* _PROVIDED RECORDS_
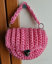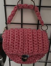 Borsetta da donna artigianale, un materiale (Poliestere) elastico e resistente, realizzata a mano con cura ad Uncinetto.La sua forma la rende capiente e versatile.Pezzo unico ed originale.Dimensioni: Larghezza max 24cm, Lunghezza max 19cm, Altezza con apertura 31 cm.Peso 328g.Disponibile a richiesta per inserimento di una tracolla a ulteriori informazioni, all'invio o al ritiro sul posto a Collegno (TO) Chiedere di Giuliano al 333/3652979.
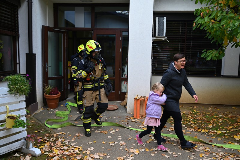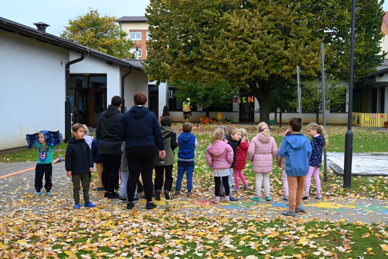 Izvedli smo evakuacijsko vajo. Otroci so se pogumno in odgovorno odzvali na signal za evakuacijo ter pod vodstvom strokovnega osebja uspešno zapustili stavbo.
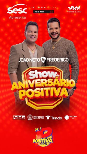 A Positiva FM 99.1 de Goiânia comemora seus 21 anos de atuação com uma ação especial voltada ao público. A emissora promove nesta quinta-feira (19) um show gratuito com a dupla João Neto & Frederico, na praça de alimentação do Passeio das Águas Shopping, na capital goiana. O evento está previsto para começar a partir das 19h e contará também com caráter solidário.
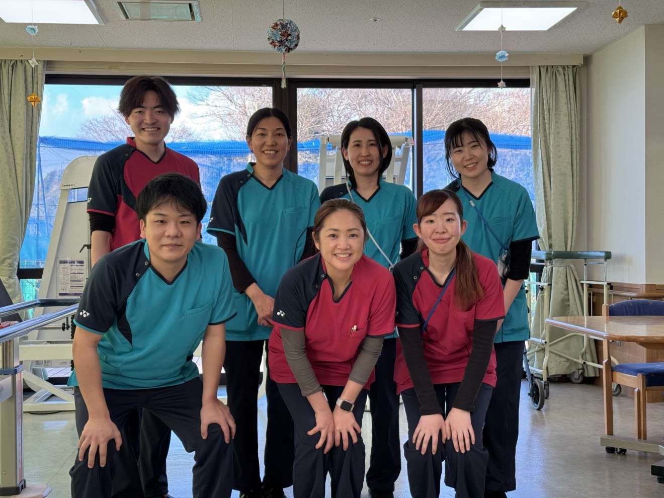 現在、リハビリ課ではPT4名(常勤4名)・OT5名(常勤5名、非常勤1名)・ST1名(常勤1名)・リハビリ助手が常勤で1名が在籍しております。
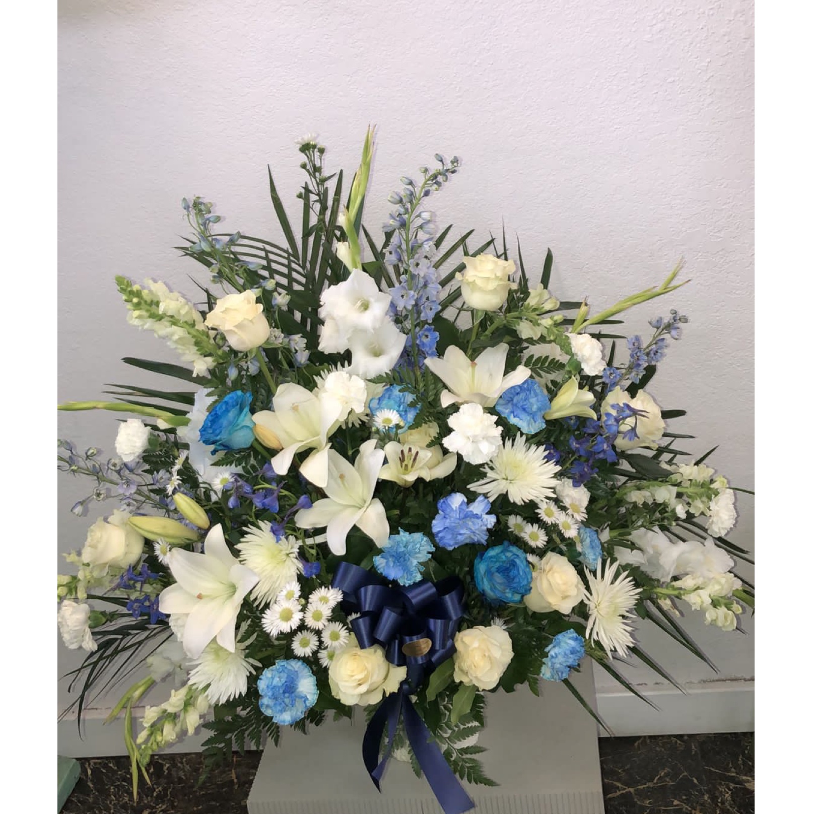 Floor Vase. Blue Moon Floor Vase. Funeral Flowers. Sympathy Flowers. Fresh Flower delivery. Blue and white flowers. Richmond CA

...

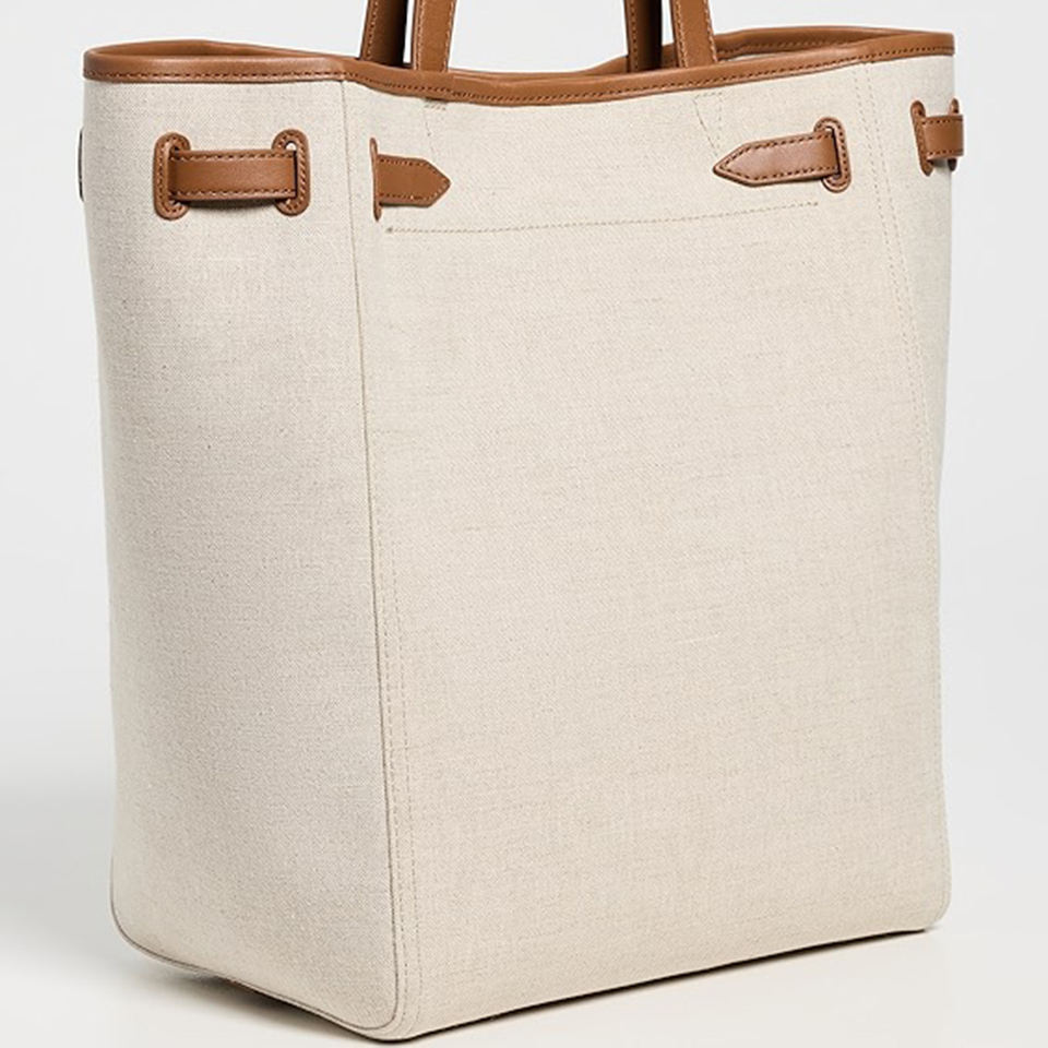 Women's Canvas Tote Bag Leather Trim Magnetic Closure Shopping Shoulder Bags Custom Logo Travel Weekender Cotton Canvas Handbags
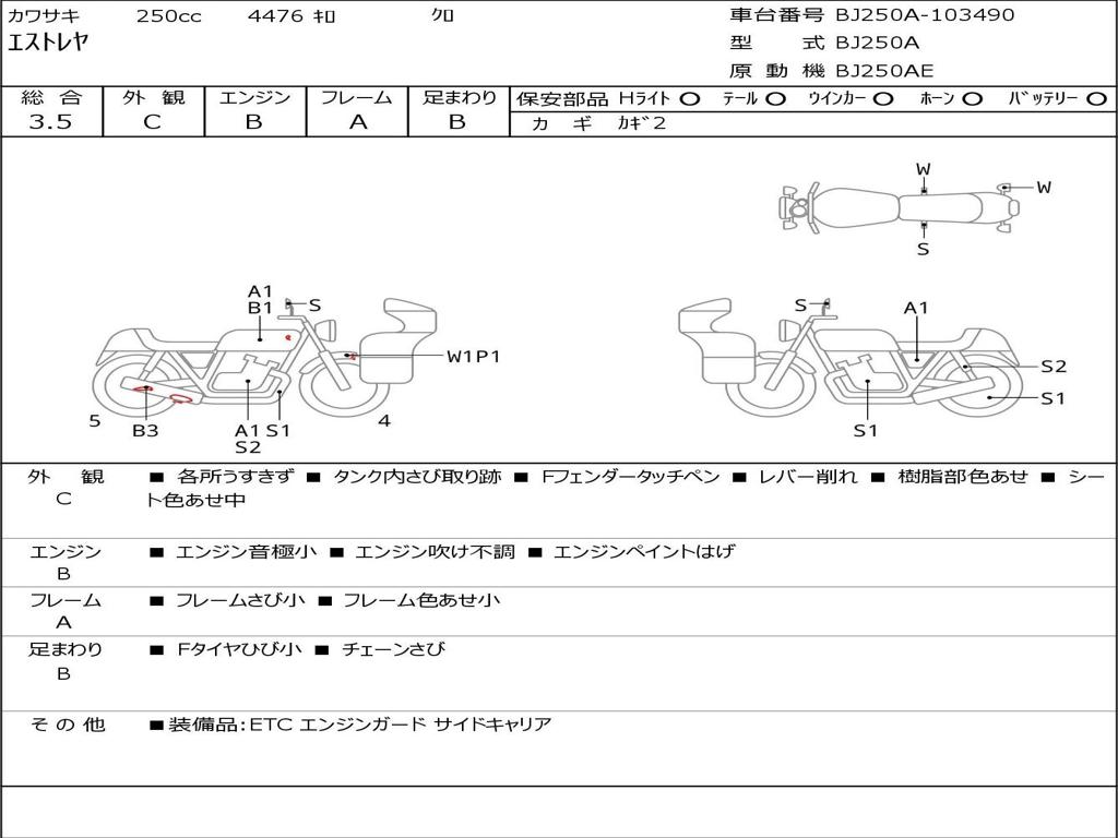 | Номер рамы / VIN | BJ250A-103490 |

* _EXERCISE REQUIREMENTS_
From the material above, reproduce only what runs from the line holding "Women's Canvas Tote" down to the line holding "VIN | BJ250A-103490 |", both included, pictures excluded.

* _COMPLETED EXERCISE_
 Women's Canvas Tote Bag Leather Trim Magnetic Closure Shopping Shoulder Bags Custom Logo Travel Weekender Cotton Canvas Handbags
 | Номер рамы / VIN | BJ250A-103490 |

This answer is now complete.